Yes, those were the times of the 15.12 average. Thanks for adding by the way!


----------



## cubernya (Oct 26, 2012)

pady said:


> Yes, those were the times of the 15.12 average. Thanks for adding by the way!



Thanks for telling us about it. Just a little bit more until you're sub15!

Antoine: When you add in an update (such as Justin's 9.44), would you mind submitting it to my system? Of course, this is only if it's not posted (like Justin's), but at all would be helpful.

By the way: I tried to implement a "system" where the site automatically counts sub 14s, 13s, etc., but it failed when I realised that it doesn't put in a 0 for a country that doesn't have any


----------



## antoineccantin (Oct 26, 2012)

theZcuber said:


> Thanks for telling us about it. Just a little bit more until you're sub15!
> 
> Antoine: When you add in an update (such as Justin's 9.44), would you mind submitting it to my system? Of course, this is only if it's not posted (like Justin's), but at all would be helpful.
> 
> By the way: I tried to implement a "system" where the site automatically counts sub 14s, 13s, etc., but it failed when I realised that it doesn't put in a 0 for a country that doesn't have any



Okay, I'll make sure to tell you in the future (at least post it on this thread).
Justin's was just a joke, you can remove him


----------



## cubernya (Oct 26, 2012)

antoineccantin said:


> Okay, I'll make sure to tell you in the future (at least post it on this thread).
> Justin's was just a joke, you can remove him



Ok, I was questioning it, but I figured you put it on there


----------



## pady (Nov 8, 2012)

Take this! 



Spoiler: Average of 12: 14.91



1. 16.16 B2 U' B2 F2 R2 D L2 B2 L2 B2 D B F U' L' F2 R' B2 D' U 
2. 17.45 F2 U' R2 U' B2 D U2 B2 R2 U2 B2 L U' R' F U' R U2 R' B D 
3. 14.73 L2 U' D2 L' D L U2 F' D' F' L2 F2 L2 D2 B' L2 B2 U2 B' L2 
4. 16.23 F2 U' B2 U L2 D R2 D2 U' R2 F U B' R' B' F2 D U2 R' U' 
5. 15.62 B D2 R2 D2 B2 L2 F' L2 D2 B L D' L2 R2 F U L B L' 
6. 15.00 D2 B2 U B2 L2 U2 B2 L2 U' B2 U L B2 U' B U L2 D' B' L2 B 
7. (18.20) U F2 R2 B2 R2 F2 U R2 U' R2 U2 L D2 U F2 D F' L B' L2 U' 
8. 14.96 U L2 U' R U' F2 U' F L U' F U2 L2 U2 D2 B R2 L2 U2 F2 R2 
9. 13.90 L2 F2 D2 B2 R B2 R2 F2 L D2 L2 U' F' D2 B F D F U' R' B2 
10. 12.52 R2 F2 U2 F' D2 L2 B2 L2 R2 U2 L2 U F R U' R2 B' L F U' L 
11. (11.89) F2 B' R' B R2 L D L2 D' R D2 B2 R' B2 R' U2 L2 B2 D2 L2 
12. 12.53 B2 D F2 L2 D' L2 D' U2 L2 B2 L B' F D' F U F2 L' B2 U


----------



## qqwref (Nov 8, 2012)

theZcuber said:


> By the way: I tried to implement a "system" where the site automatically counts sub 14s, 13s, etc., but it failed when I realised that it doesn't put in a 0 for a country that doesn't have any


I can help you with the coding of that part if you want.

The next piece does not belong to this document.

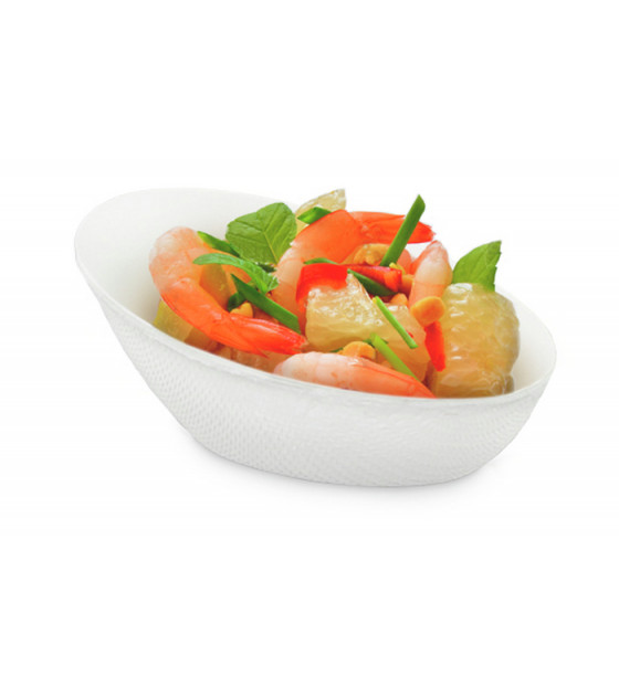 Mini coupelle en bagasse blanche, avec un rebord légèrement surélevé pour une bonne prise en main. En association avec notre gamme bagasse, elle contribuera à créer une ambiance naturelle sur toutes vos prestations.

Should be a pretty simple fix.


----------



## pady (Dec 13, 2012)

I think it doesn't fit here, but how many cubers have already achieved a sub10 single in OH?
I just got my first one (9.66) a few hours ago and I have wondered how many got a sub10 before.


----------



## antoineccantin (Dec 13, 2012)

Probably about the same amout I would think. Personally, I've gotten a few sub-10 single, and my PB is 8.96.


----------



## Bhargav777 (Dec 14, 2012)

I have got 3 sub 10s in OH, one Ll skip, one Pll skip and one double x cross. My average is around 16a


----------



## pady (Dec 14, 2012)

How about starting a new thread / adding single results to this one? I would find a ranking of the best single times also interesting. Or do you think this isn't a good idea because single times can be very lucky?


----------



## Robert-Y (Dec 31, 2012)

14.87, me

http://www.speedsolving.com/forum/s...ishment-Thread&p=811479&viewfull=1#post811479

This is only my second sub 16 avg of 12 surprisingly...


----------



## zzdanielzz29 (Jan 8, 2013)

Kevin Jeffry Nalvarte Llantas(Perú) got a 14.20 Avg12 , he dont have speedsolving acc..


----------



## antoineccantin (Jan 18, 2013)

13.33 avg12 by me


----------



## pady (Feb 21, 2013)

Did a 14.68 of 12 right a few minutes ago 
Top20 here we go again. 


Spoiler: avg of 12: 14.68



Time List:
1. 15.15 F2 D' L2 B' R2 L' F B U R2 D' R' F' U' R2 L B' R' D R2 D' U2 B F2 L 
2. 14.69 B2 L F2 D2 B' U' D2 R' U L' R U L' F2 D2 L R' D' B R' D F2 B D' B2 
3. 13.59 L D R2 L2 F2 B2 D' U2 L2 F' D2 B D2 U F B' R' U D2 F U D' B' U R 
4. (10.93) L2 R F2 L B2 R' U2 R' U' R2 L D2 L' F' D' U F D' R D2 U R U2 B2 F2 
5. 13.10 B2 F2 L' B2 D' B R' D2 F B R L' B' D B' D2 B2 D' R L2 D L2 U D' B 
6. (18.90) R L2 D' B L2 U' B R2 F U L2 B U2 D2 F B' D' L D' B' U B' F2 R F2 
7. 15.87 B' F' D U2 L F' R2 F2 R' D' B' F' U R' B' D' R L U2 R U B2 R U' B2 
8. 13.58 R L2 D B' D2 B2 R' D F2 D' F B' D2 U L' B2 F2 R' D2 L R U B R' U 
9. 14.15 D R F' D2 F' R2 F2 U2 D2 R D' F2 B' L2 U' B2 D2 R L2 B2 D' R' B' D2 L2 
10. 16.62 B2 D' U2 R' U D F2 R2 F B L2 R2 F U2 B' U' D F2 B2 R' B2 F' L R2 F' 
11. 16.84 R' U2 F R B' R' D2 U F' L' B' R L' F2 U D L' B D2 F' D U R' L' U' 
12. 13.21 R U R2 U' F2 L' B U L' R' B' U' D F B' R2 B' U' B2 R2 B R2 F' D' B'


----------



## Hershey (Feb 21, 2013)

Hershey said:


> times:
> 14.41, 14.38, 15.60, (12.34), 14.93, (15.87), 14.31, 15.65, 14.90, 14.21, 15.24, 14.42
> 
> best avg5: 14.57 (σ = 0.31)
> current avg12: 14.81 (σ = 0.54)



This.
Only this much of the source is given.